Hard fighting in a tough market

The road ahead is still daunting. The Indian electric vehicle market (EV Market) is packed with proficient players such as Tata Motors and Mahindra, which occupy the cheaper territory, while luxury brands such as Hyundai Motor, MG Motors and Mercedes-Benz and Audi compete at high prices.

Indians tend to buy electric cars as the second car to drive in cities, because the infrastructure to charge elsewhere may not be relied on. Vivek Gulia, co-founder of JMK Research, said Vinfast will need to win India’s cost-sensitive and conservative drivers and enjoy a reputation for quality batteries and service while keeping prices low.

“Initially, people would worry.”

Vinfast said it plans to set up showrooms and service centers in India, work with local companies for charging and repairs, and cut costs by recycling batteries and making key parts, including powertrains and battery packs in the country.
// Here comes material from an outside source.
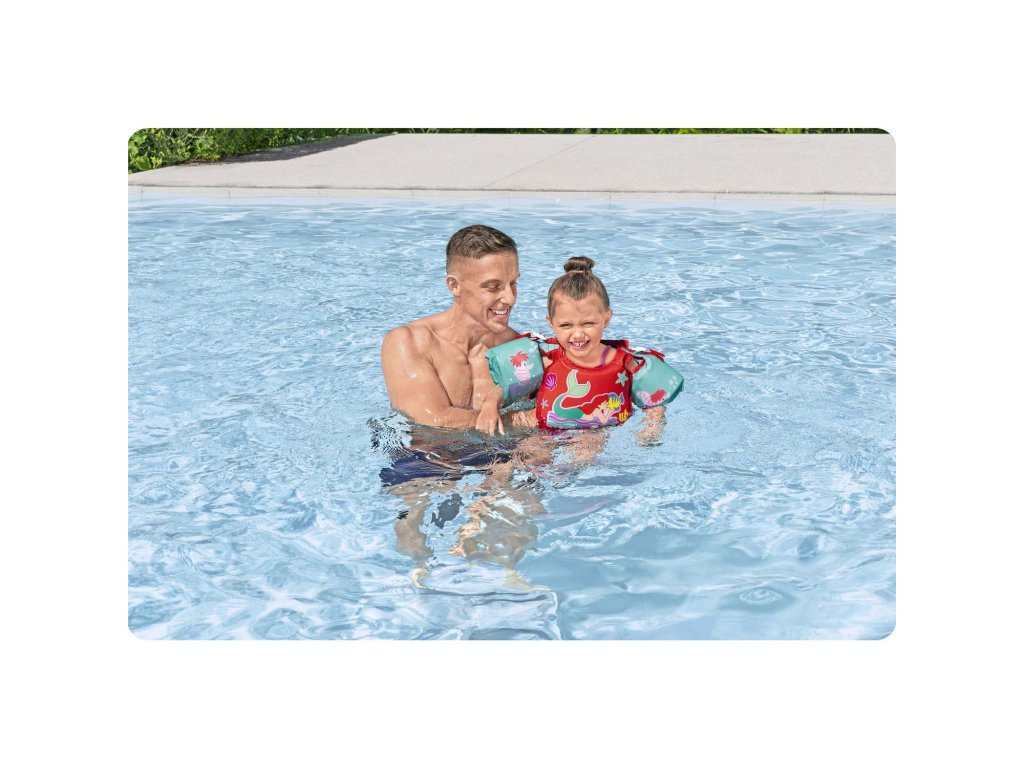 První kontakt s vodou bývá těžký, proto při učení plavání pomůže dítěti vesta značky Bestway s originální licencí Disney.

Chau added that after the investment from client clinics and top Vietnamese engineers in September 2024, the company upgraded its feature list to better meet Indian customer expectations.

Ratio will be the key. Vinfast has signed an agreement to establish 32 dealers in 27 Indian cities. Hyundai has 1,300 places where Indians buy cars. Building a brand in India takes time – for example, Hiundai has taken it off for decades, helped by early recognition from Bollywood superstar Shah Rukh Khan.

If Vinfast can get pricing correctly and win the trust of customers, then Vinfast can succeed, Gulia said: “Then they can actually do a good job.”